Before having a negative experience with psychedelics, you may’ve believed that those ideas and stories were completely false. (If you believed they were true, why on earth did you take psychedelics?) But now, you’re starting to wonder if they were right all along. Questions creep in: Am I actually going crazy? Will I have flashbacks? Am I schizophrenic now?

The answer is NO. No, no, and no.

Having intense emotions that you haven’t yet experienced in your life does not mean that you’re going crazy. Feeling less emotionally stable than you used to does not mean that you’re going crazy. Feeling like you’re less in control of your thoughts and emotions does not mean you’re going crazy. These things simply “mean” that you’ve been stirred up by an emotionally intense, traumatic experience, and now you’ve got some things you need to sort out.

I often compare going through a difficult trip to going through some other kind of jarring, emotionally traumatic experience such as losing a loved one or getting in a car wreck. If you had just lost a deeply important person in your life, such as a wife or parent, you would undoubtably be experiencing far more intense emotions than you ever had before. You would undoubtably feel unstable, shaken up, and less in control of your thoughts and feelings. But you wouldn’t worry that you were schizo or “going crazy.”

It’s societally normal to be an emotional wreck after losing an intimate loved one, but there are no widely accepted norms for what’s supposed to happen after a difficult psychedelic trip. People don’t talk about this stuff.

The fact of the matter you are not crazy. You won’t go crazy. You will get through this, but you have to believe that. You can have a thousand different people or mental health professionals tell you that you’re going to be fine and that you’re not schizo, but what they tell you won’t make one bit of difference until you decide to believe it.

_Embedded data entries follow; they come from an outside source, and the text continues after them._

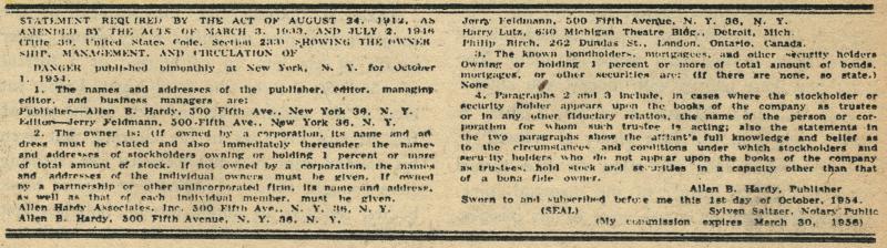 Statement of ownership for the Comic Media issues, presumably prepared before Charlton acquired the material. Lists Allen B. Hardy as Publisher and Jerry Feldmann as Editor.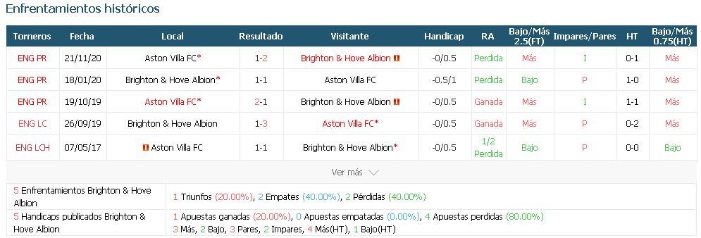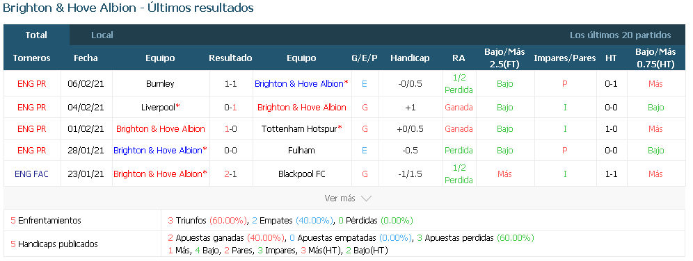 del Brighton, estamos tentados de apostar por el empate. En su último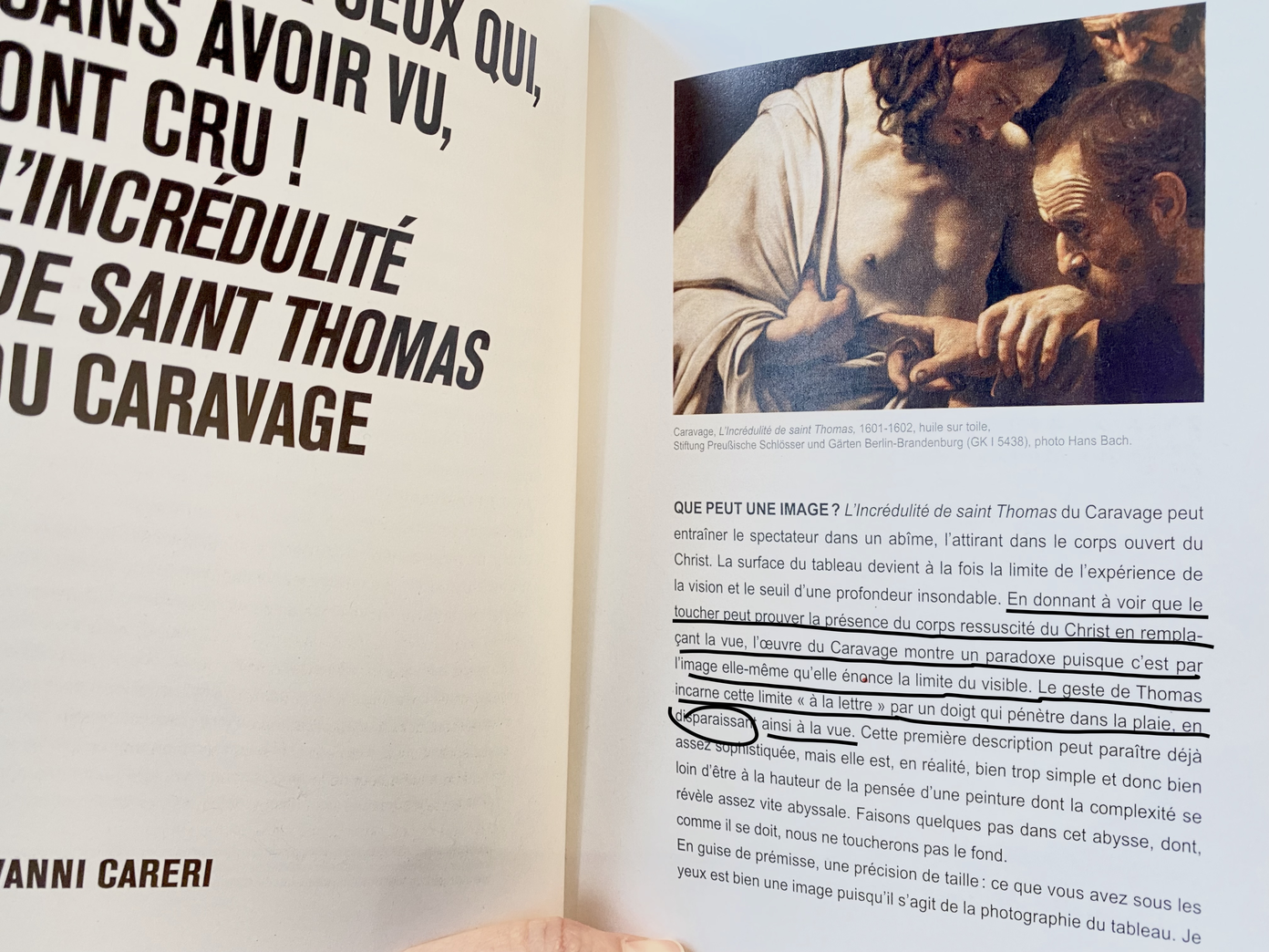A la question « Que peut une image ? », Giovanni Careri répond en donnant l’exemple de L’incrédulité de Saint Thomas de Caravage. Pour lui, « en donnant à voir que le toucher peut prouver la présence du corps ressuscité du Christ en remplaçant la vue, l’œuvre du Caravage montre un paradoxe, puisque c’est par l’image elle-même qu’elle énonce la limite du visible, le geste de Thomas, incarnant cette limite à la lettre, par un doigt qui pénètre dans la plaie en disparaissant à la vue » .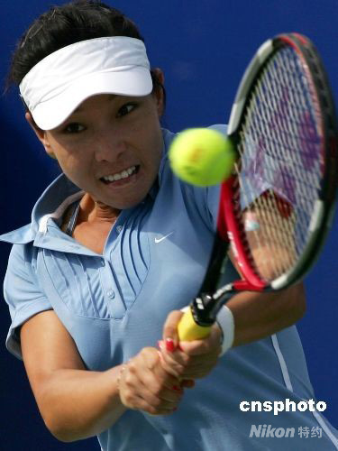 9月25日,2008年中國網球公開賽繼續進行,女單賽場碩果僅存的中國金花鄭潔僅用時69分鐘就以6-1,6-2橫掃日本老將杉山愛,昂首挺進女單8強。鄭潔很可能在4分之1決賽中與2號種子塞爾維亞美少女伊萬諾維奇狹路相逢。中新社發 富田 攝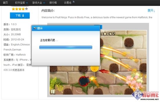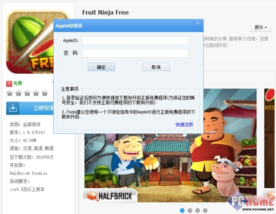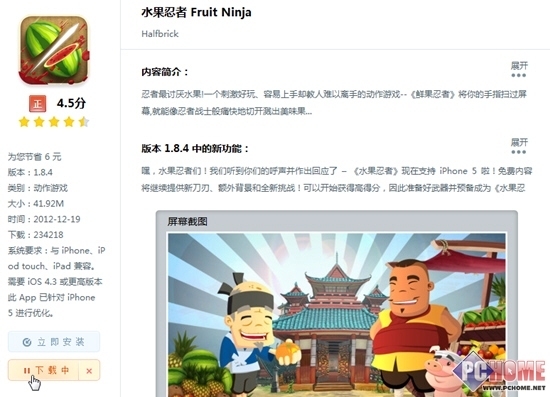 可以免费下载收费的正版水果忍者,点击“正版下载”,把应用添加到下载队列后,就能免费下载原本需要在商店付费下载的应用。这样,用户就可以自由选择付费下载,又或者直接免费下载(如下图)。整个过程不需要输入Apple用户名和密码。(如下图)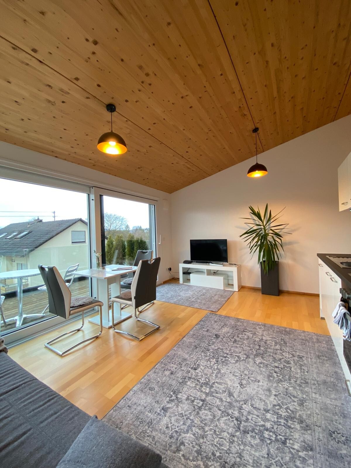 Wellcome in our modern furnished DG apartment with beautiful views of the Hegauberge. An approximately 80 square meter and bright apartment awaits you: with fitted kitchen (including dishwasher, electric stove with oven, fridge/freezer and coffee maker); large living room with TV and dining area and a covered balcony; large bedroom with double bed and single bed (if necessary also a baby crib); small bathroom with shower and toilet.

It has to come from your own heart and mind, or else it won’t stick.

Afraid of going crazy after a bad trip: how to begin working through this

Start by answering the following questions. (I would highly suggest writing these answers – you’ll get more out of it).

  1. To me, what does it mean to “go crazy”? Where did I get this definition?
  2. Have I ever known someone who had “gone crazy”? What made them crazy?
  3. What about me/my mind/my emotions is making me worried about going crazy?
  4. Why do I feel the need to label or diagnose myself?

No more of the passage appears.